COVER SIDEBAR- Majestic town: How Williamsburg leads on wheels

"If you build it, they do indeed come."

That's the lesson for all Virginia to learn from the Historic Triangle around Williamsburg.

Noted as a biking mecca by VDOT since 2002, Williamsburg boasts an estimated 3.9 percent of workers and students– the state's highest average– who arrive daily on two wheels.

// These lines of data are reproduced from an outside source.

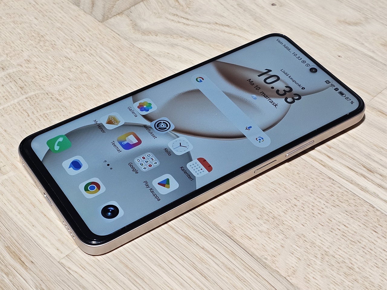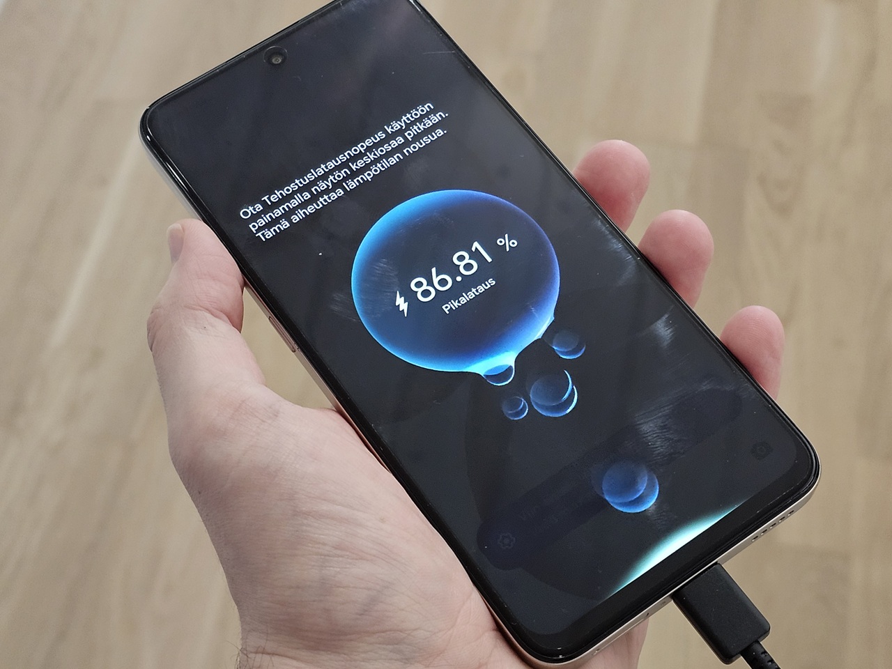 Honorin omaa SuperCharge-laturia ei testijaksolla ollut käytössä, ja latausta testattiin Samsungin 45 W:n laturilla (USB PD PPS), joka sekin aktivoi 400 Smartin pikalatauksen ja latasi akun tyhjästä täyteen ajassa 1 h 6 min. Vartissa akku latautui 18 prosenttiin ja puolessa tunnissa 39 %:iin. Aivan markkinoiden kärkipäätä latausnopeus ei siis ole, mutta kuitenkin varsin riittävä tämän hintaluokan puhelimelle.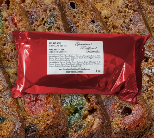 This Port infused dark, dense and delicious Christmas fruitcake is flavoured with spices, cherries, raisins, molasses, dark brown sugar and orange and lemon peel. No nuts. All our fruitcakes are made with fresh butter and eggs.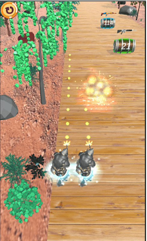 Sie müssen den Spieler nach links und rechts bewegen und auf die Läufe schießen, um neue Waffen zu erhalten.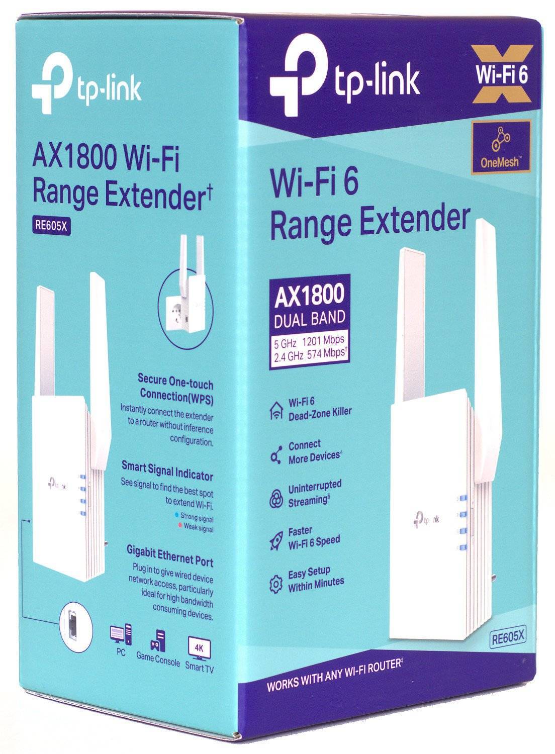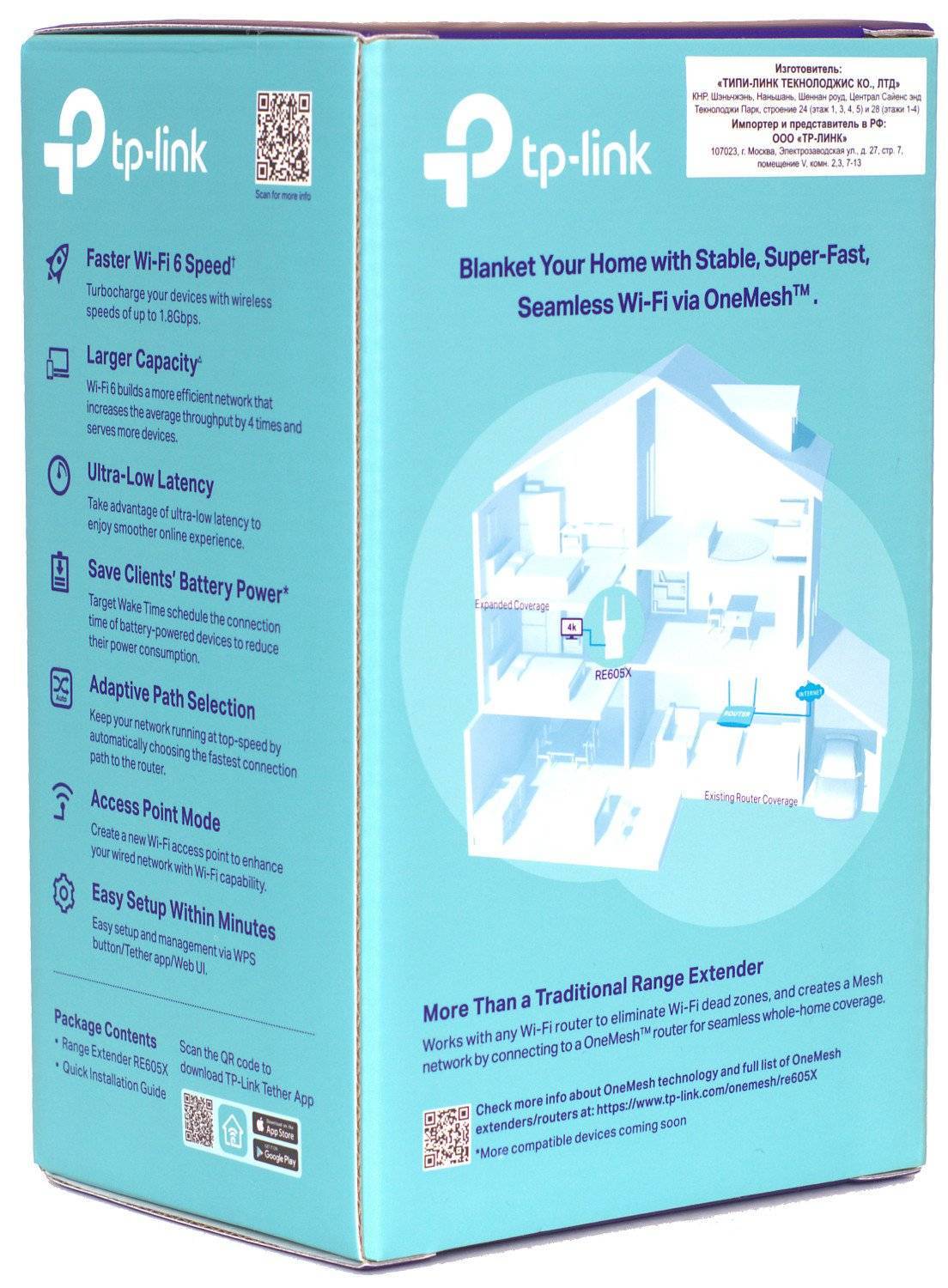 Внешнее оформление коробки с усилителем сигнала Wi-Fi 6 TP-Link RE605X сразу же дает понять о его возможностях: он двухдиапазонный и обеспечивает высокие скорости соединения (для частоты 2.4 ГГц 574 Мбит/сек и для 5 ГГц 1201 МГц), поддерживает проводное подключение (есть гигабитный LAN порт), обеспечивает простую настройку (в том числе и простое подключение через кнопку WPS), поддержку технологии бесшовного соединения OneMesh, может работать с любыми Wi-Fi роутерами, а так же выступать в качестве точки доступа.

The city hosted the Cap2Cap ride May 5 and, in June, Bike Virginia will put 2,000 cyclists in the colonial capital's restaurants and hotels.

Why? 

Because since President George H.W. Bush and his Democratic Congress agreed to promote truly multi-modal transportation, three leading Williamsburg-area planners have been seeking federal funds to build bike lanes and trails at every opportunity.

Some local lanes
Charlottesville has bike lanes on several key routes including West Main/University/Ivy, Rugby Road, Preston Avenue, and JPA as well as a pair of bike-pedestrian trails in two parks, a 1.5-mile stretch in Pen Park and the well-known two paved miles of the Rivanna Trail in Riverview Park.

Today, in spite of a population one-third the size of our Charlottesville-Albemarle, the jurisdictions of Williamsburg, James City County, and York County boast 44 miles of bike lanes built primarily with federal dollars under programs designed to mitigate pollution and congestion. Charlottesville, by contrast, has just 10 miles of bike lanes plus 3.5 miles of pedestrian-bike path inside City parks with another 8.9 miles of bike lanes in Albemarle.

According to Williamsburg planning director Reed Nester, the area has successfully "institutionalized" bike/ped in all thinking. Developers automatically know today that every street must have a bike lane and sidewalk to get Planning and Zoning approval, and contractors consistently figure in the cost of eight feet of bike lane in every re-paving bid.

Nester and the planners at James City and York counties, bicyclists all, began seizing Uncle Sam's opportunity– and money– almost 20 years ago.

Now, as other jurisdictions are recognizing the value of muscle-powered transportation, and the contest over alternative transportation funding is heating up due to the awareness of global warming and peak oil, Williamsburg commuters have muscle-powered alternatives that most of Virginia can only dream of.

"The thing that made things work here is the fact that it is a jointly-developed regional bikeway system between Williamsburg, James City, and York counties," says Nester. "From the standpoint of the cyclists using the system, the jurisdiction is irrelevant. Bicyclists are just happy that we're starting to get some good loops where you can go out and do a ride and have 70 or 80 percent of your time protected because you're on a trail or a bike lane."